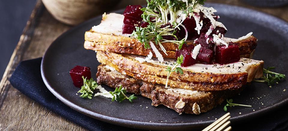 Ribbenssteg som smørrebrød med rødbedekompot og peberrod
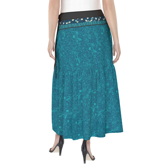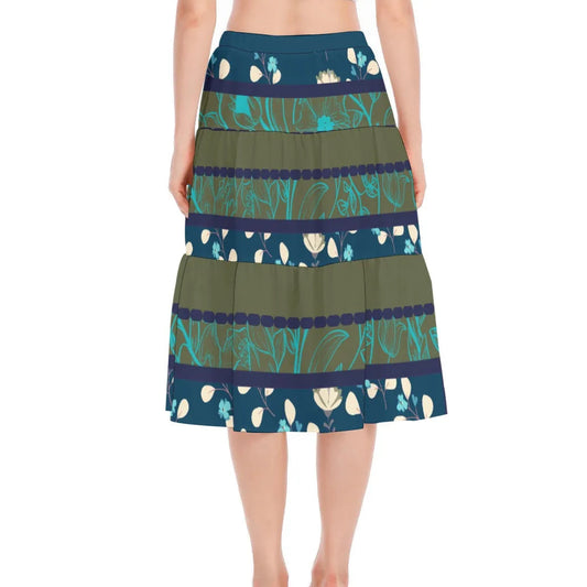Green and Blue Stitched Pleated Chiffon Skirt. Miami Collection
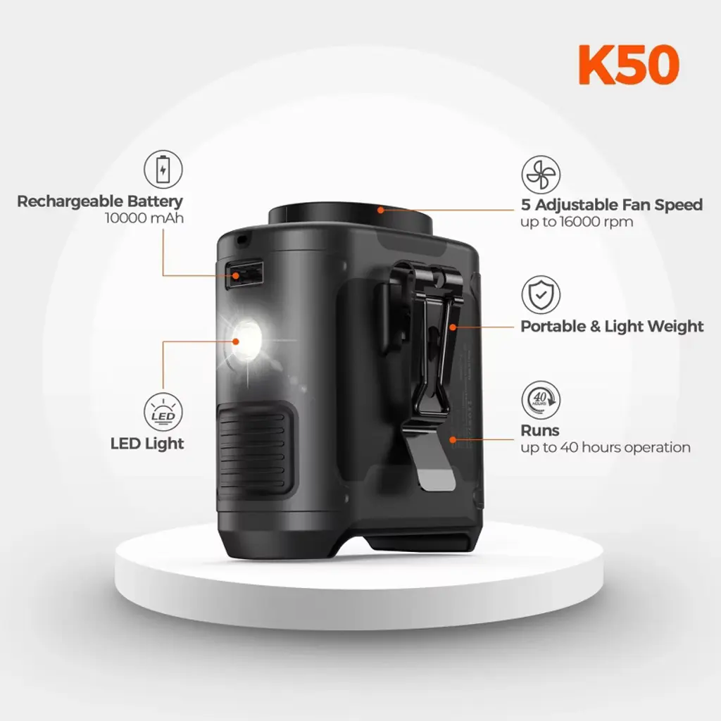 Panergy 10000mAh Portable Waist Clip Fan,40H Cooling Personal Wearable Fan,5 Speeds 16000RPM Belt Fan,Rechargeable Hands-free Neck Fan With Dual Clip & Flashlight
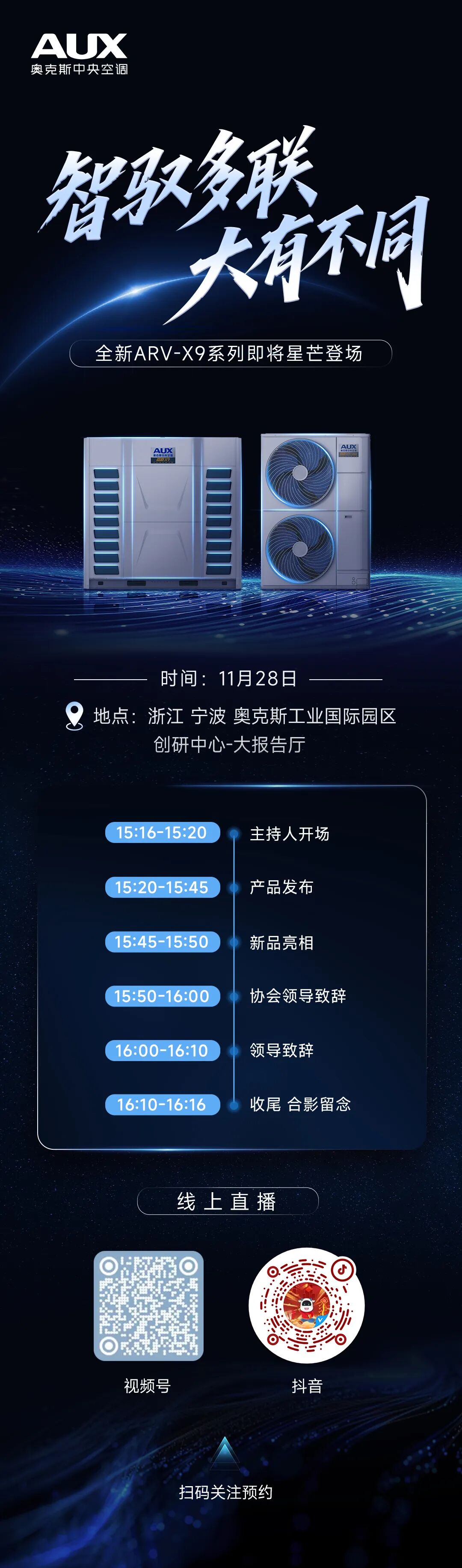 锁定瞩目时刻!奥克斯全新ARV-X9系列多联机,11月28日星芒耀世!
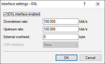 7. (Optional): Depending on the WAN interface used, the available data rate in the case of an Ethernet connection must still be configured. This is not necessary if an internal xDSL modem is used. In this case, the synchronized DSL data rate is used. Switch to the dialog Interfaces > WAN > Interface settings.
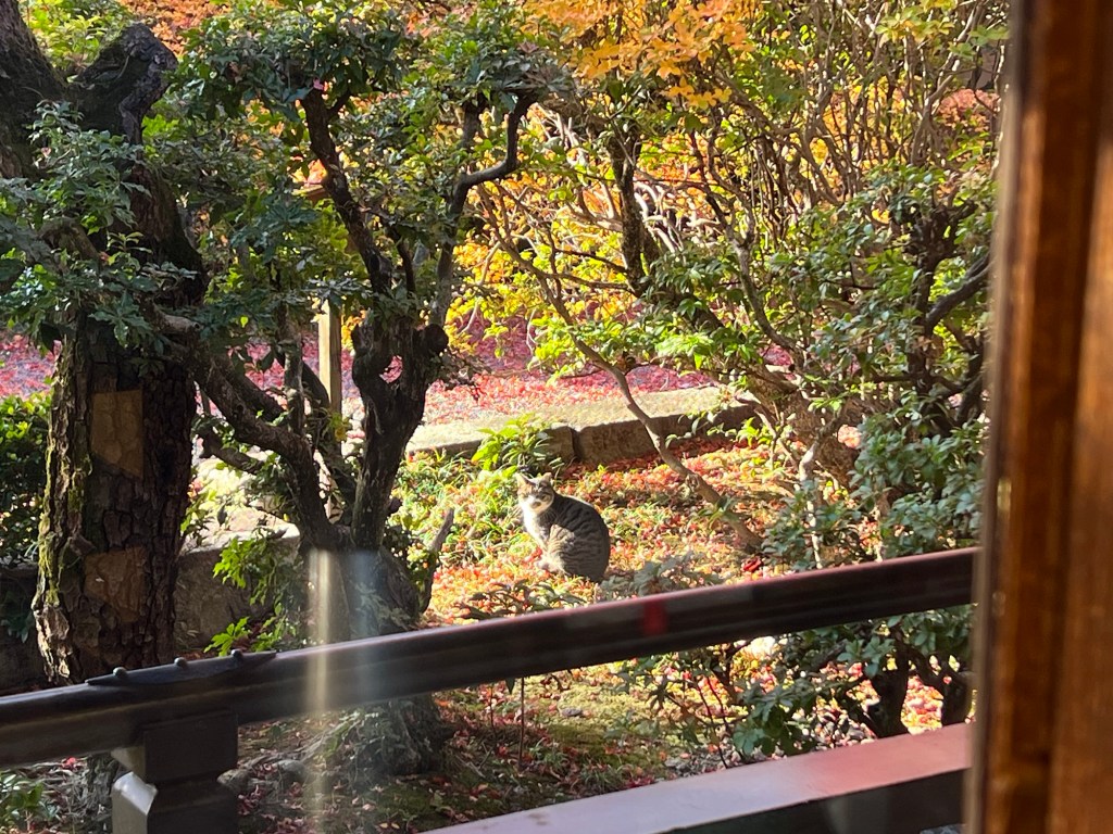 この朝食会場が離れにあるのですが、お庭がよく見えるところで。猫が来ていて可愛かった思い出。
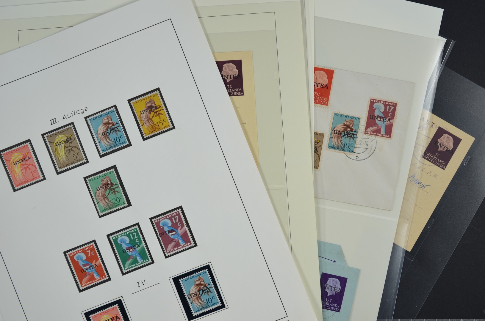 NEDERLANDS NIEUW GUINEA speciaal-verzameling Untea met alle types, alsmede briefkaarten, Luchtpostbladen, brieven, stortingsbiljet en blokken van vier. Leuke koop voor de specialist !
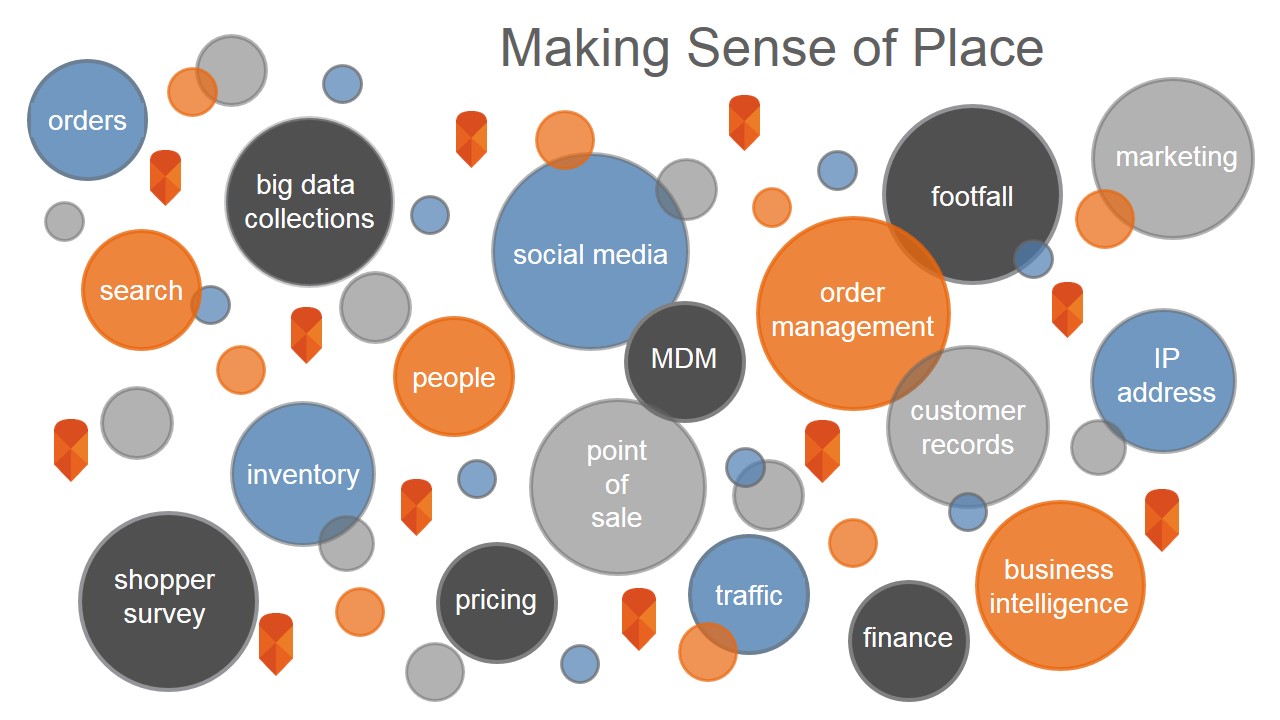 Every transaction, customer’s home address, IP connection for an Internet search, social media post, product delivery, and even lost sale and missed opportunity can be located somewhere. Imagine the possibilities when you go from simply mapping some of the sources of data depicted below to combining them and applying quantitative insight at the point of execution.
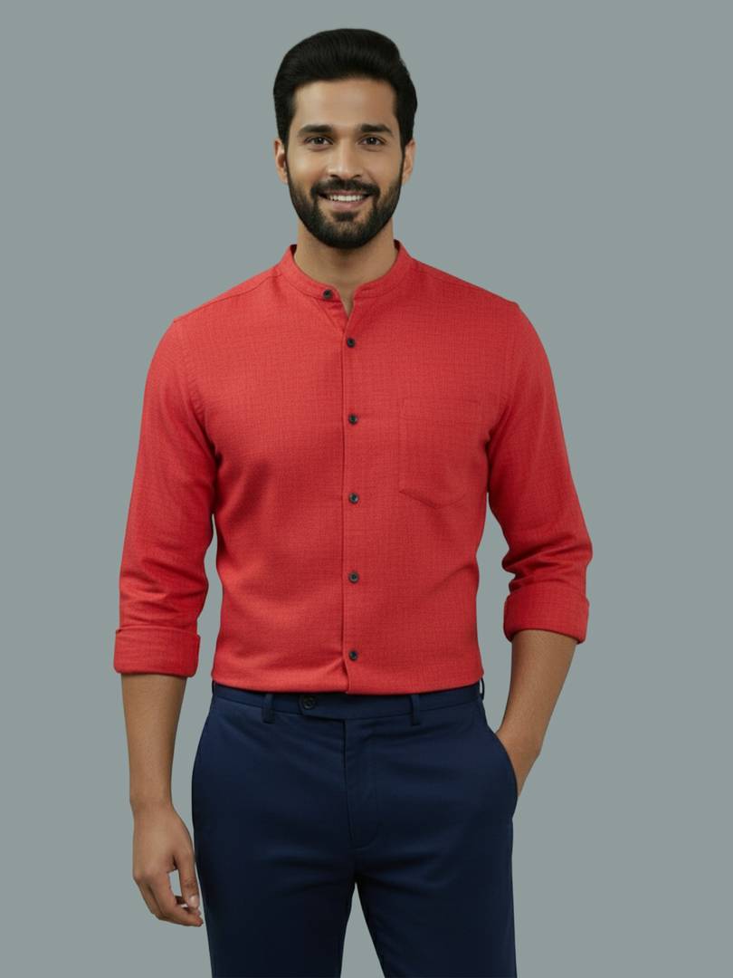 FireFish Men Slim Fit Solid Mandarin Collar Casual Shirt
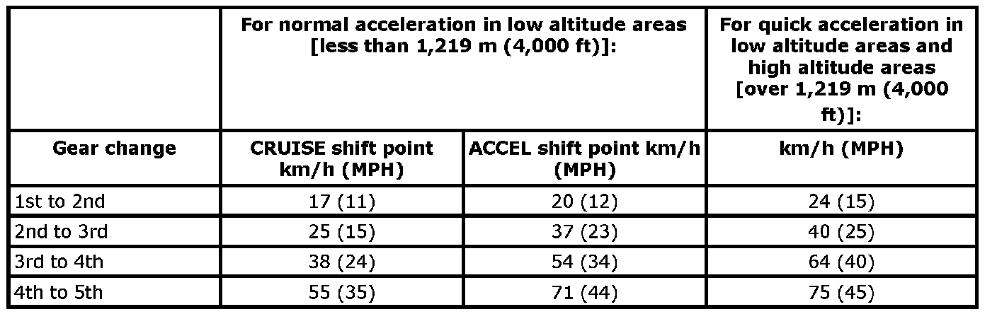 Shown below are suggested vehicle speeds for shifting into a higher gear. These suggestions relate to fuel economy and vehicle performance. Actual upshift speeds will vary according to road conditions, the weather and individual driving habits.
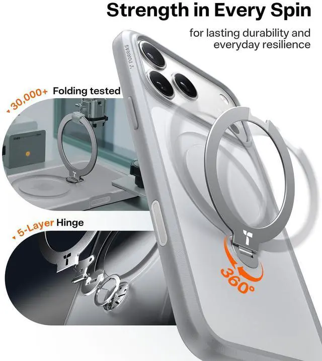 6-Year Ostand Pioneer, TORRAS Q3 Spin ( 2025 ) for iPhone 17 Pro Case, 6.3''
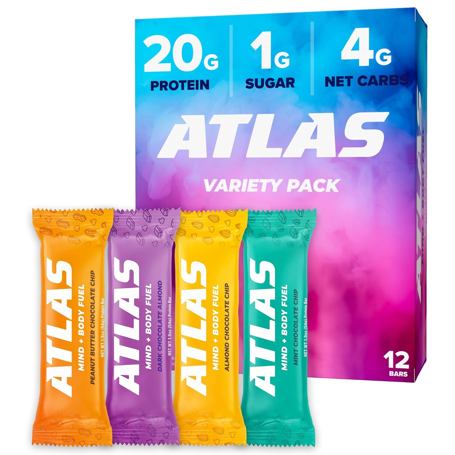 Atlas Protein Bar, 20G Protein, 1G Sugar, Clean Ingredients, Gluten Free (Chocolate Variety, 12 Count (Pack Of 2))
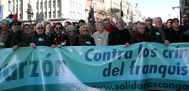 Euronews recoge: “Miles de manifestantes salieron a las calles de Madrid el domingo en apoyo del importante juez Baltasar Garzón. Garzón está siendo juzgado por abuso de poder por haber investigado la atrocidades cometidas durante la época del general Franco. Más de 100.000 personas murieron en la guerra civil española y la posterior dictadura de Franco. Esos crímenes están cubiertos por una ley de amnistía de 1977. Cayo Lara, un político del partido Izquierda Unida, dijo: “No podemos permitir que se construya un puente de oro para la corrupción en España y quienes quieren levantar un muro de silencio sobre nuestra historia”.
=====
• [Task details] Exact copy, pictures excluded: every line above from the one containing "FireFish Men Slim Fit" to the one containing "Shown below are", inclusive, and nothing more.

• [Solution for this exercise]
 FireFish Men Slim Fit Solid Mandarin Collar Casual Shirt
 Shown below are suggested vehicle speeds for shifting into a higher gear. These suggestions relate to fuel economy and vehicle performance. Actual upshift speeds will vary according to road conditions, the weather and individual driving habits.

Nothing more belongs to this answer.